= NCAA Productions =

NCAA Productions is the official film and television production company for the National Collegiate Athletic Association (NCAA).

==History==

===Football===
It was founded by Dick Snider as NCAA Films. One of the earliest programs to be produced was the television show College Football, the first Sunday morning show to nationally broadcast college football highlights.

From 1946 to 1970, Look published the Football Writers Association of America (FWAA) Team. After Look folded, the FWAA started a long association with NCAA Films, which produced a 30-minute television show and sold it to sponsors.

===Basketball===
In 1979, the NCAA Division I men's basketball tournament expanded to add Thursday-Friday first round games. Those games were done by NCAA Productions, who also did the regional semifinals in prior years.

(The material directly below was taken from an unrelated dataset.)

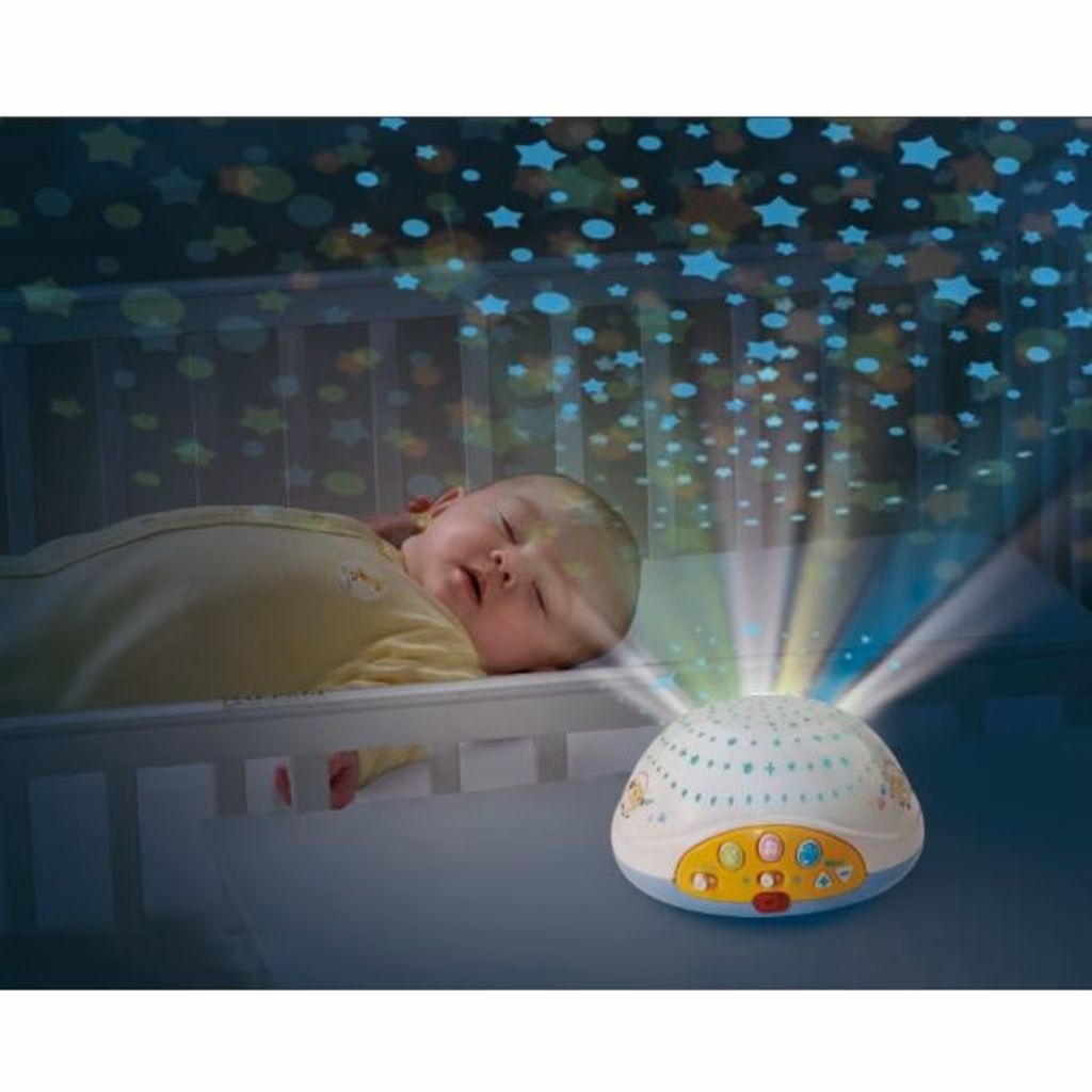 Le proiezioni colorate sul soffitto , tre pecorelle in tessuto e due stelle rimovibile attirano l'attenzione e stimolano il senso visivo del tuo bambino.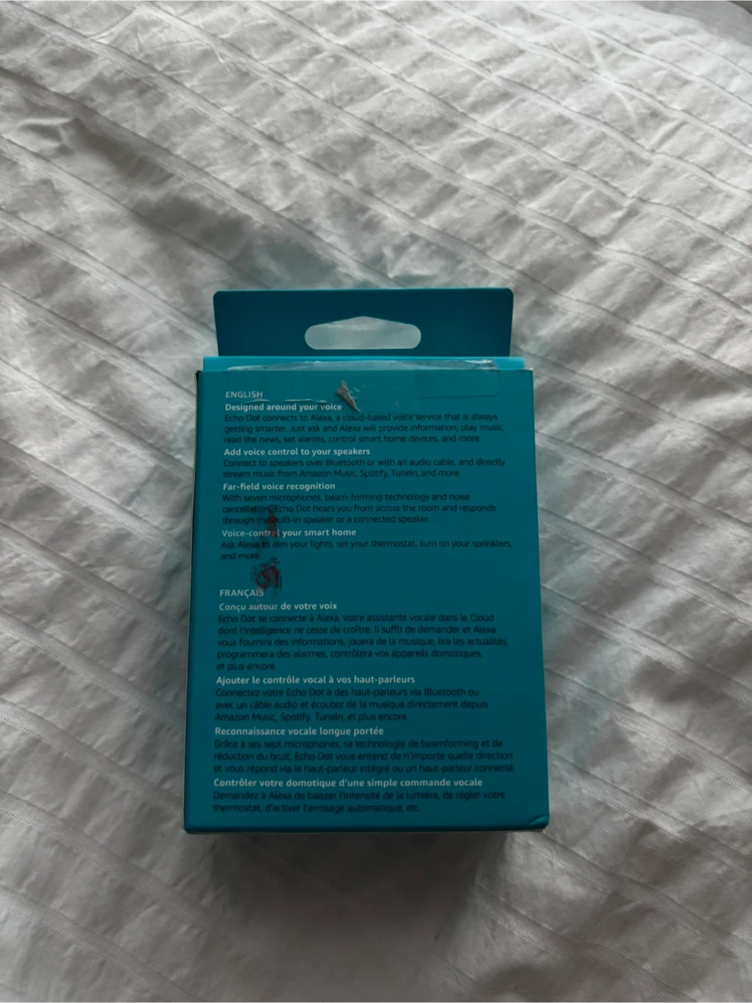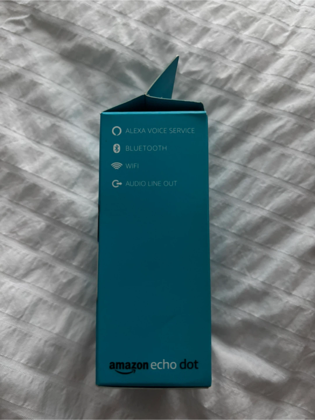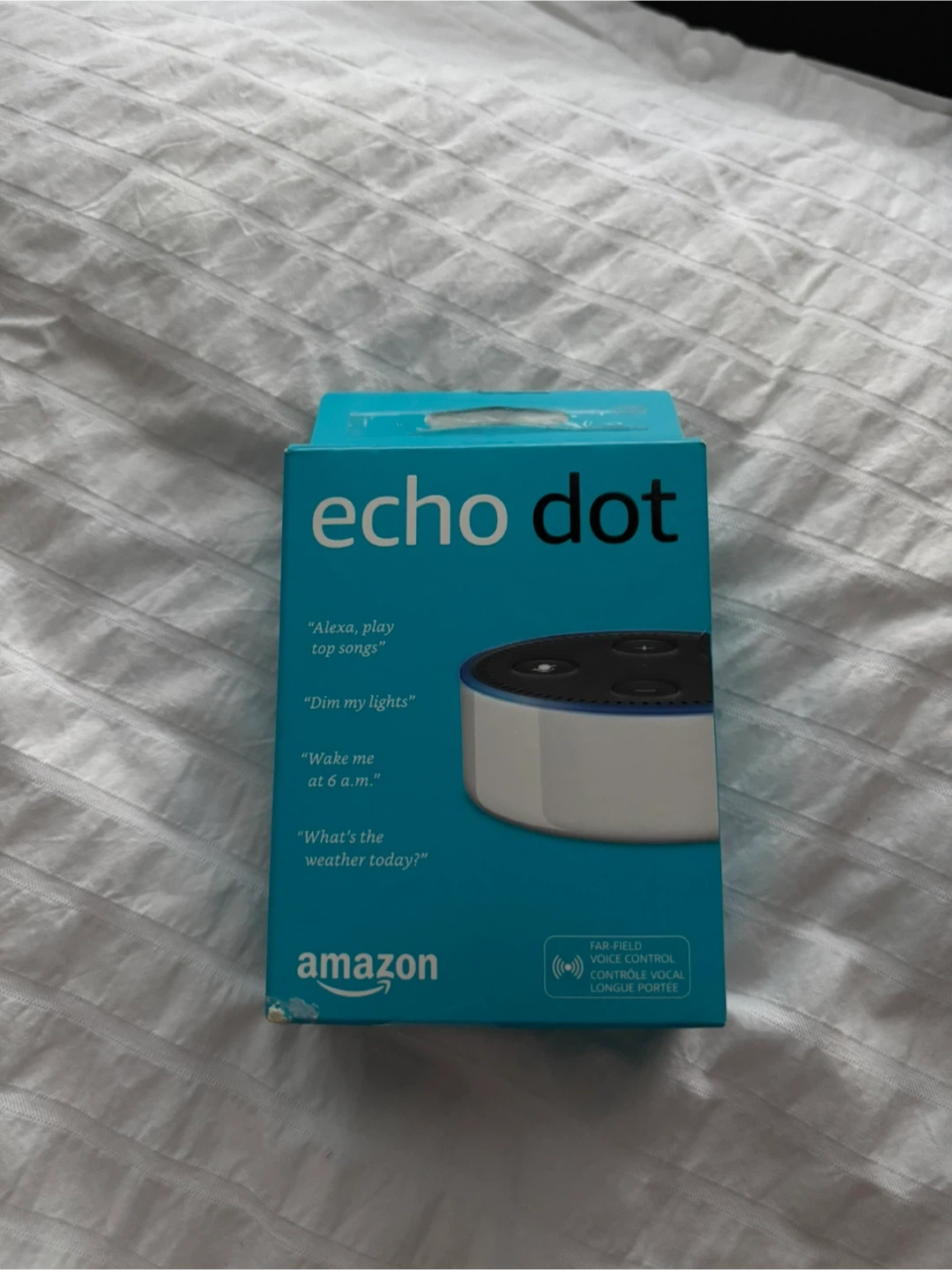 It can connect to speakers over Bluetooth or with an audio cable, and directly stream from Amazon Music, Spotify, TuneIn, and more. The box is included and it comes with the Amazon Echo Dot (2nd generation), a power adaptor (9W), and a Micro-USB cable

By the 1985 NCAA Division I men's basketball tournament (with four games being played at each first round site), NCAA Productions (who produced college basketball telecasts for ESPN) typically sent two announcer crews to each site to call two games each. During much of the 1980s, NCAA Productions televised and/or produced all tournament games which CBS did not carry. As previously mentioned, while ESPN provided a national audience for selected NCAA Productions (and sometimes, tape delayed) games, live telecasts were made available (via syndication) to local television stations in the participating markets.

==Commentators==
- Dan Bonner – He serves as an analyst for regular-season college basketball games for CBS Sports, ESPN (1987–2001) and Fox Sports Net and has called ACC games for Jefferson Pilot Sports since 1983. Bonner also filled that role for NCAA Productions' broadcasts of tournament games from 1985 through 1990.
- Mike Mayock – Mayock has experience covering college football for Prime Network, NCAA Productions, Prime Sports Radio and the Big East Conference.